» AIM OF THE TASK
Retype the listing exactly, with no images.

*** COLLECTED DATA ***

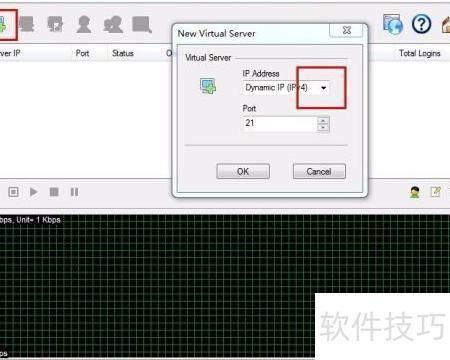 2、 接下来我们添加一个FTP连接。点击软件左上角的添加按钮,会弹出一个设置窗口。在窗口中只需输入IP地址(点击IP栏的下拉箭头可显示本机IP,直接选择即可),其余参数保持默认,无需修改。填写完成后点击保存,关闭对话框。此时主界面将显示出刚添加的IP地址,其状态为stop,对应图标呈红色,表示当前未连接。
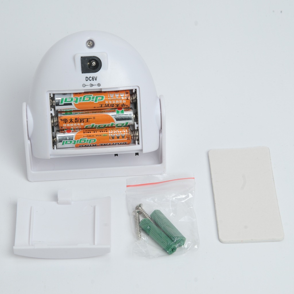 4、将门铃通过卡口安装在支架上,当有客人进入时,电子迎客门铃会发出您之前选择好的声音。
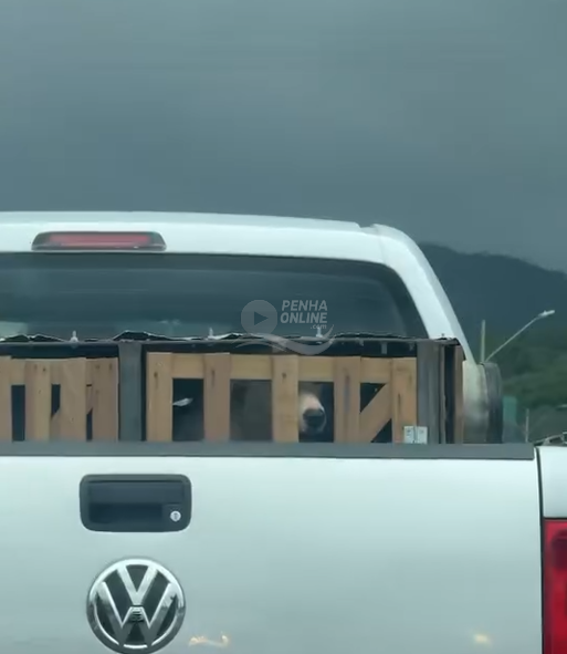 Um motorista registrou um flagrante de animais sendo transportados de forma irregular na caçamba de uma caminhonete na BR-101, sentido Penha. As imagens foram feitas por outro condutor que seguia pela rodovia e mostra um cão acomodado na parte traseira do veículo.
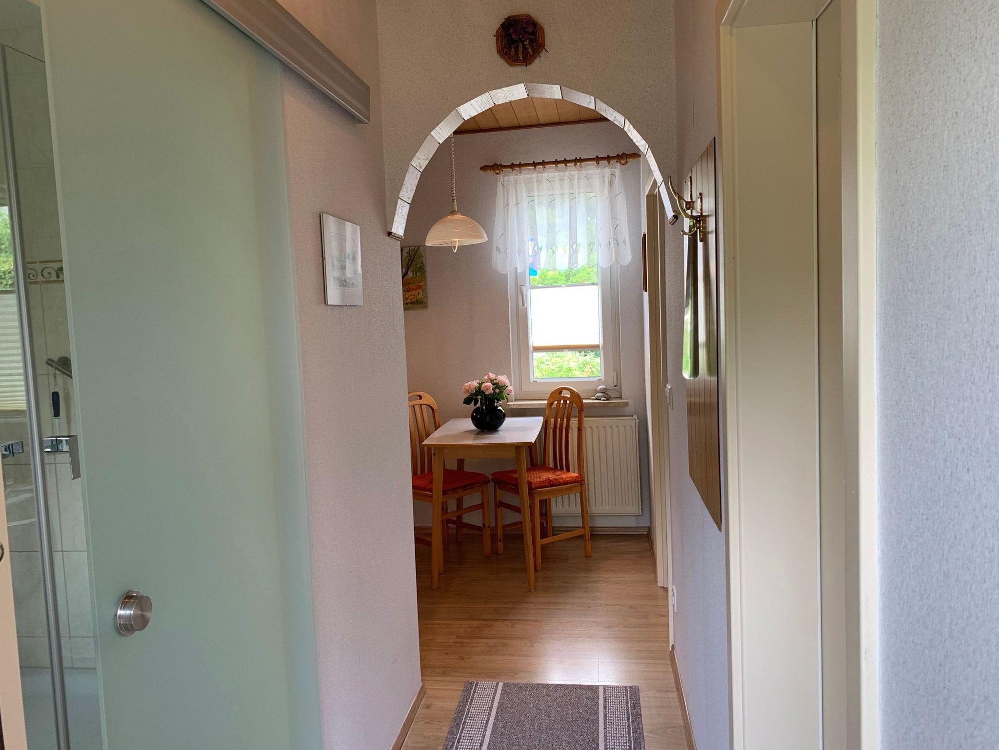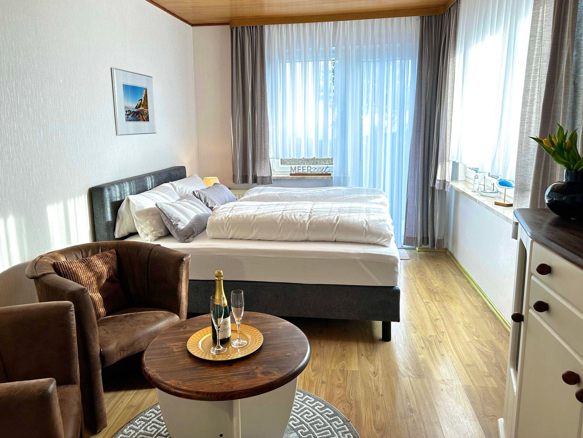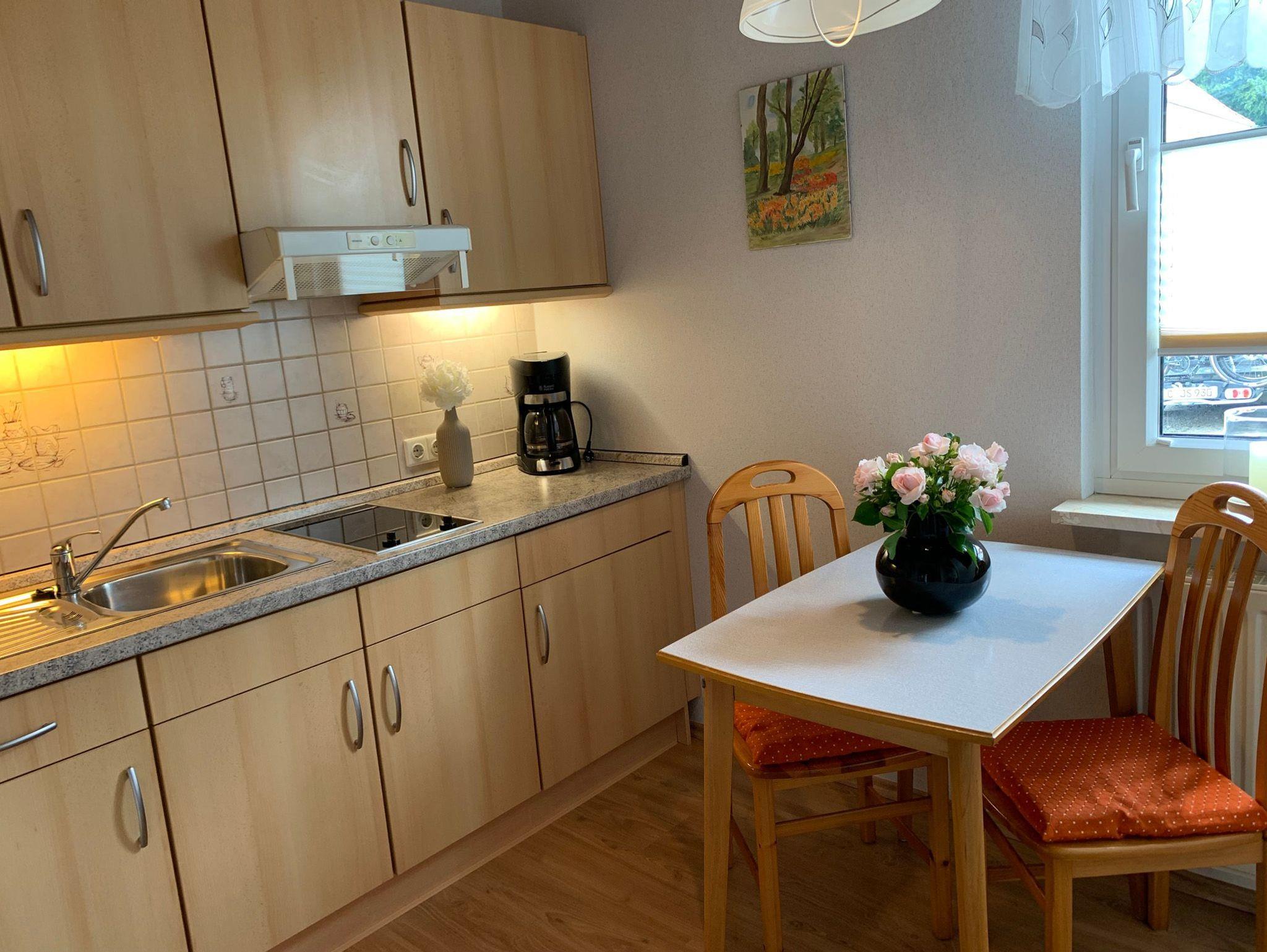 Die Unterkünft verfügt außerdem über einem separaten Schlafraum, einen gut ausgestatteten Küchbereich (Ceranfeld, Kaffeemaschine, Toaster, Kühlschrank und Sitzmöglichkeit) und ein schickes Duschbad mit ebenerdigem Einstieg.

*** End of COLLECTED DATA ***

» EXERCISE ANSWER
 2、 接下来我们添加一个FTP连接。点击软件左上角的添加按钮,会弹出一个设置窗口。在窗口中只需输入IP地址(点击IP栏的下拉箭头可显示本机IP,直接选择即可),其余参数保持默认,无需修改。填写完成后点击保存,关闭对话框。此时主界面将显示出刚添加的IP地址,其状态为stop,对应图标呈红色,表示当前未连接。
 4、将门铃通过卡口安装在支架上,当有客人进入时,电子迎客门铃会发出您之前选择好的声音。
 Um motorista registrou um flagrante de animais sendo transportados de forma irregular na caçamba de uma caminhonete na BR-101, sentido Penha. As imagens foram feitas por outro condutor que seguia pela rodovia e mostra um cão acomodado na parte traseira do veículo.
 Die Unterkünft verfügt außerdem über einem separaten Schlafraum, einen gut ausgestatteten Küchbereich (Ceranfeld, Kaffeemaschine, Toaster, Kühlschrank und Sitzmöglichkeit) und ein schickes Duschbad mit ebenerdigem Einstieg.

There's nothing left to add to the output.